Genetic information is most powerful when it is shared
Sharing your information with a data registry may help to improve the diagnosis and treatment of people who have genetic conditions. When a condition is rare, it can be difficult to find people to participate in trials of new treatments.
Registries like Simons Searchlight make it easier for researchers to get the information they need to advance research on a condition. Your genetic information may also help the development of new therapies and add to our understanding of the condition.
What is a data registry?
A data registry is a collection of medical and demographic information from people who have a specific genetic change or condition.
How can I participate?
The first step is to sign a consent form. Next, you or a family member will complete questionnaires, or surveys, about yourself and/or your child, lifestyle, and family health history.

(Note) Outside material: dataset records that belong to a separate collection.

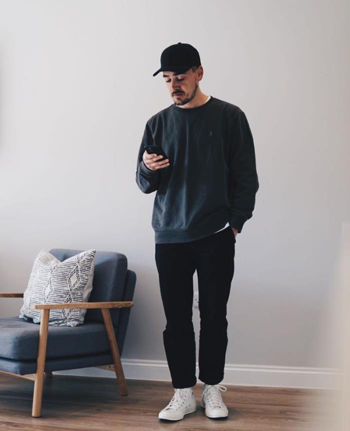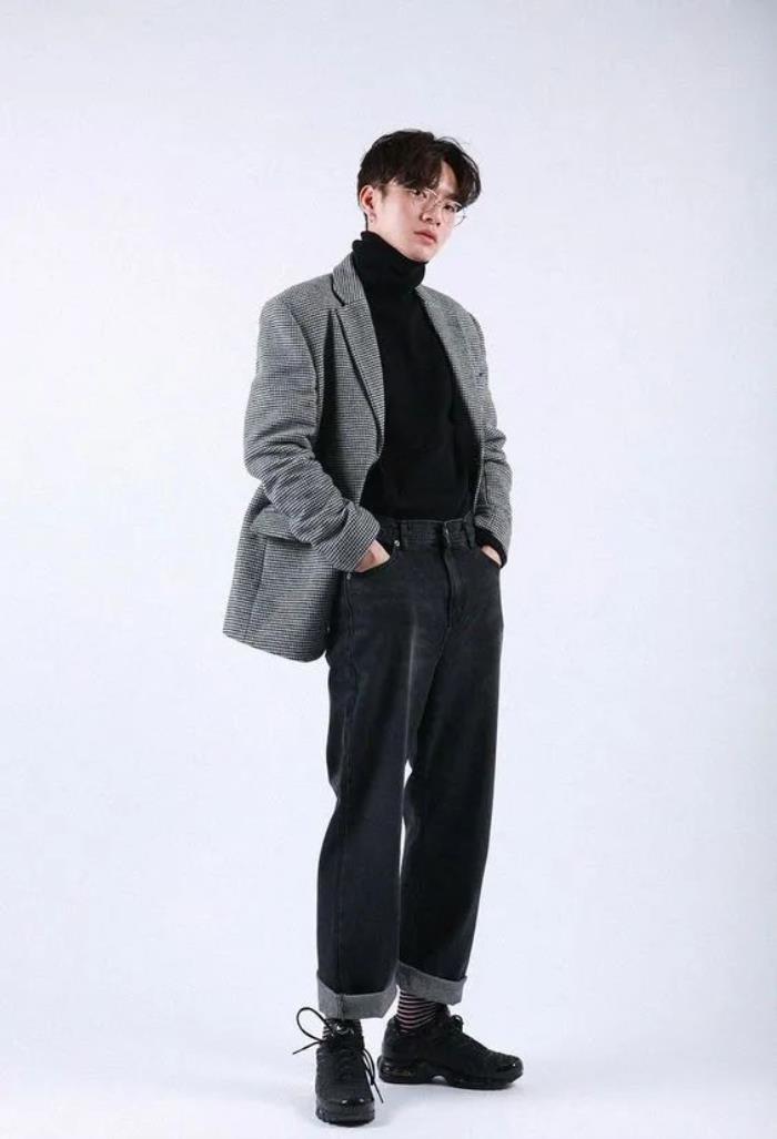 上下身的色调统一,并不是只能打造黑色调造型,像蓝色调、灰色调、大地色调这些造型都很常见,最直接的搭配方式就是衣服和裤子的颜色一致。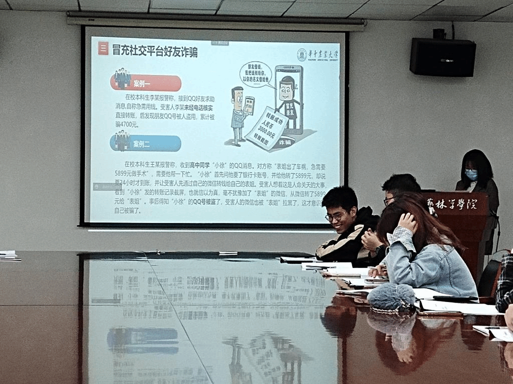 接下来,王瑜同学进一步向大家普及电信网络诈骗的防范知识,她强调,网络诈骗的方式多样,通过网络、电话、短信等传播媒介编造理由来骗取财物的行为越来越隐蔽,造成的伤害越来越大。这需要我们时刻保持警惕,摒弃“占小便宜”的坏想法。她向同学们强调在网络生活中应时刻保持警惕,理智对待不明信息。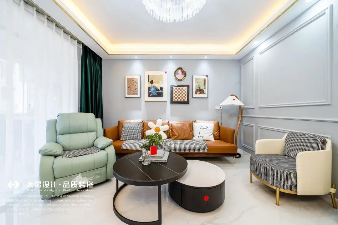 每一个物件都有属于自己的语言,女主人喜欢的欧式人物像以及抽象派插画,唤醒了空间的生命,用丰富意象的力量感巧妙平衡了的大理石底色。 沙发区做了两面薄荷蓝乳胶漆沙发背景墙,石膏线条在客厅中有序穿插,单沙发、三人沙发作为客厅的直觉重心,形态各异,富有张力;沙发旁的落地灯、黑白撞色创意茶几,透露出属于年轻人的摩登精致范,将艺术化的审美意涵散发至空间每一处。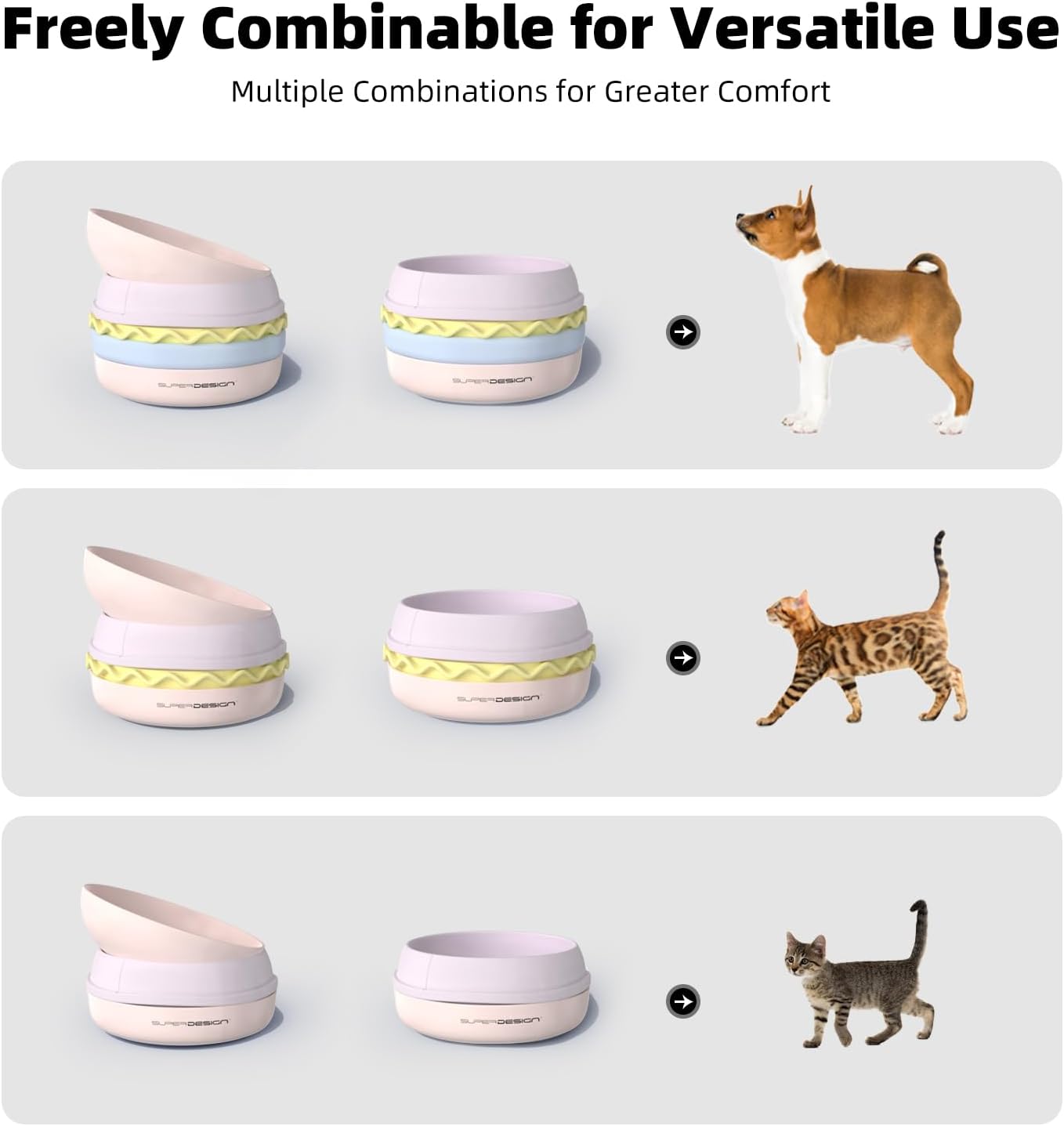 Adjustable Dog Dishes Height for Customized Comfort: The 5-piece design of pet bowls allows you to freely assemble the dog bowls small size dog to your desired height, catering to your dog’s unique needs. Whether you prefer a tilted angle for easier feeding or a different configuration, the modular setup offers endless flexibility.

How is my privacy protected?
All information that can be used to identify you, such as your name, address, or birthday, is removed from any data we share.

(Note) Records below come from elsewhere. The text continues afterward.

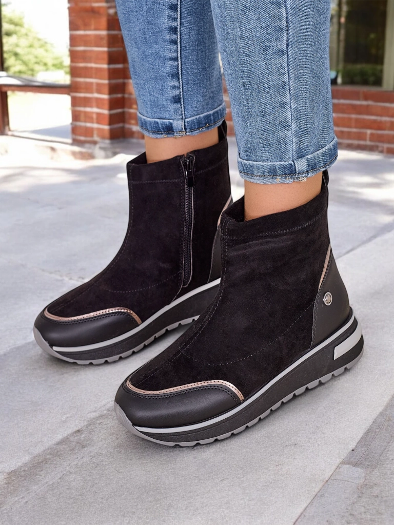 - Жіночі платформені ботильйони, виготовлені з екошкіри замші. Ботильйони застібаються на блискавку, обшиті зручним хутром всередині. Ідеально підходять на осінь!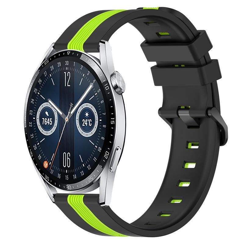 Για Huawei Watch GT3 42mm 20mm Κάθετη ζώνη ρολογιού σιλικόνης δύο χρωμάτων (μαύρο + πράσινο χρώμα)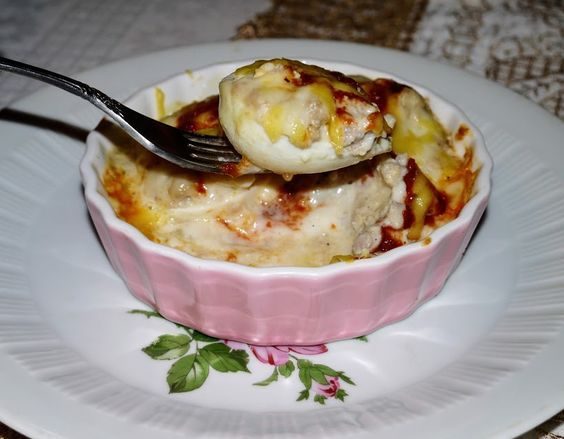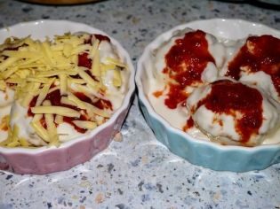 Всё хорошенько перемешать. Щедро наполнить яичные белки полученной начинкой и выложить их в емкость для запекания. Залиить всё остаткомсоуса бешамель. Сверху добавить томатный соус и посыпать натертым сыром. (чем больше сыра, тем сочнее).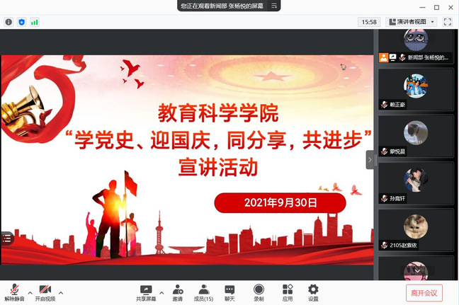 为迎接中华人民共和国成立72周年,同时为激发全院同学的历史责任感和奋斗精神,beat365亚洲体育官方网站于9月30日通过线上会议的方式举办了“学党史,迎国庆,同分享,共进步”宣讲比赛,该院学子积极参与。
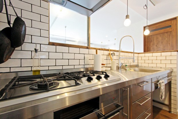 コンロ前にはガラスパネルを取付け、油はねや煙も気になりません!空間の雰囲気を損なわないよう木製のガラスパネルを使用。コンロからの距離は防火面を考慮しています!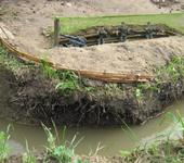 Вдоль плетеного забора расставил солдат масштаба 1/35 (склейка, Звезда). Их с легкостью выносит шарик из орудия танка. Во второй линии в траншее посадил солдат покрупнее. По ним можно ездить без последствий! Рядом разместил орудие, направленное в сторону моста. Типа противотанкового 😎 Сверху натянул сетку от комаров зеленого цвета - маскировка!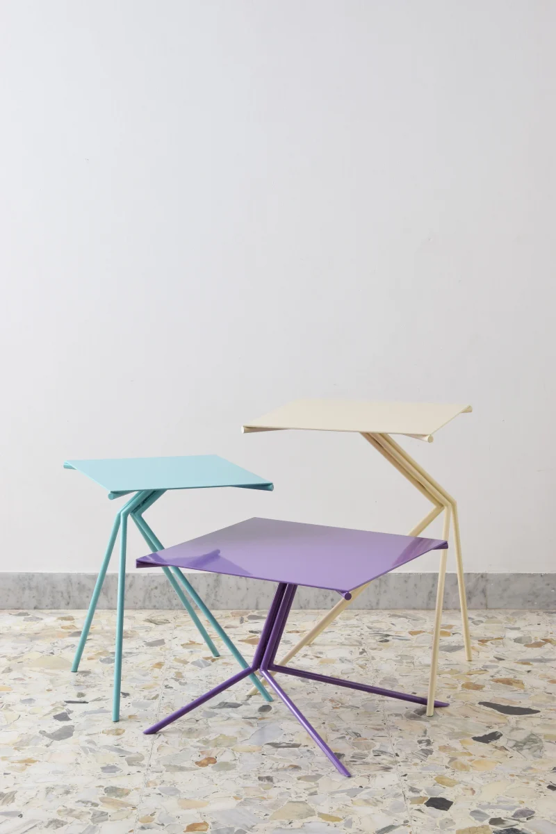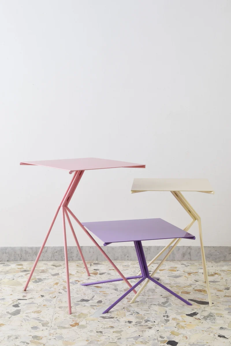 This project is a research on the expressive possibilities of shape and its ability to generate a sensation of movement and action even in complete stillness. The tables are slightly inspired by zoomorphic shapes and are born from an ironic pun on the word furniture, “mobile” in Italian, which means “something that can move”. Therefore, if a piece of furniture can be moved, can tables walk? This playful and ironic aspect is highlighted by the choice of using a wide range of pastel colors to paint the ” Tavoli che camminano “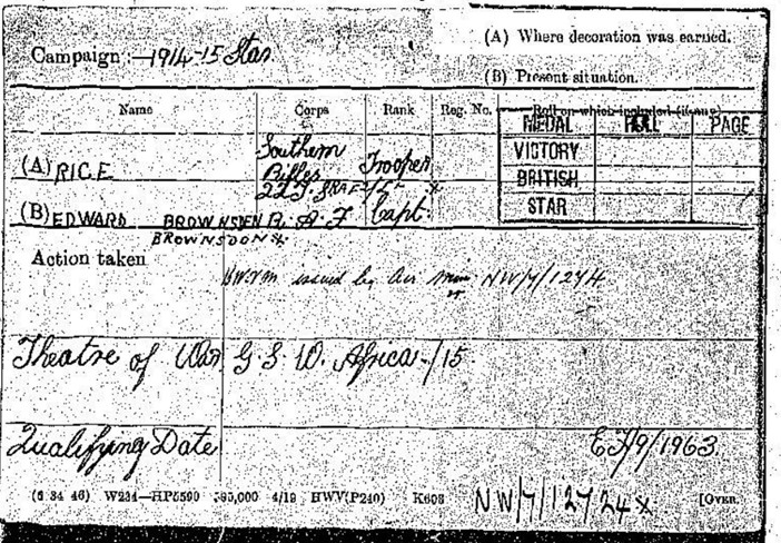 Son of Edward William and Mabel Eleanor Beatrice Rice. Born Claremont, Cape Town. A Trooper in the Southern Rifles, German South West Africa in 1915; Commissioned Second Lieutenant Royal Dublin Fusiliers 6 April 1916, joined Royal Flying Corps as Captain in 1917, remained in RAF as a career officer. Escaped from Singapore on the 16th February 1942 but was captured by the Japanese. Shipped from Palembang to Singapore on 18 July 1942. Then, in August he was shipped with the captured generals and other senior officers to Formosa on the hellship England Maru which arrived at Takao on 29 August. He was sent to the senior officers' camp of Karenko and held there until June 1943. Karenko Camp was closed and the POWs were transferred to Shirakawa Camp in southwestern Formosa |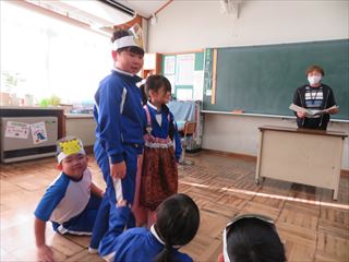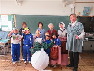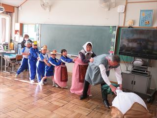 1年生では、ボランティアの方による朗読に合わせて、みんなで「おおきなかぶ」を引き抜く体験をしました。物語の世界に入り込みながら、友だちと協力してかぶを引き抜く動作を楽しみ、笑顔あふれるひとときとなりました。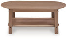 Natural neutrals are all the rage. Embrace the style trend with the Cliffs Beach outdoor table. Crafted of MEGA-TUFF® HDPE material, this piece combines the exceptional durability and weather resistance you need with the wood look you love. Designed to shed rainwater, the table's slatted top with gently rounded corners provides exceptional form and function. It's the perfect spot for al fresco essentials like a snack tray, drinks or books.

The consent form provides information on the rules that our registry follows regarding contact and identification. Please make sure that you understand and are comfortable with the information on the form before providing your consent.
The Simons Searchlight registry follows federal privacy guidelines, including the Health Insurance Portability and Accountability Act of 1996, also called HIPAA, and the Federal Information Security Management Act, also called FISMA.
How will my information be used?
Your information will be shared with approved users, including doctors and researchers, to get a better understanding of the medical, developmental, and behavioral features that are found with specific gene changes.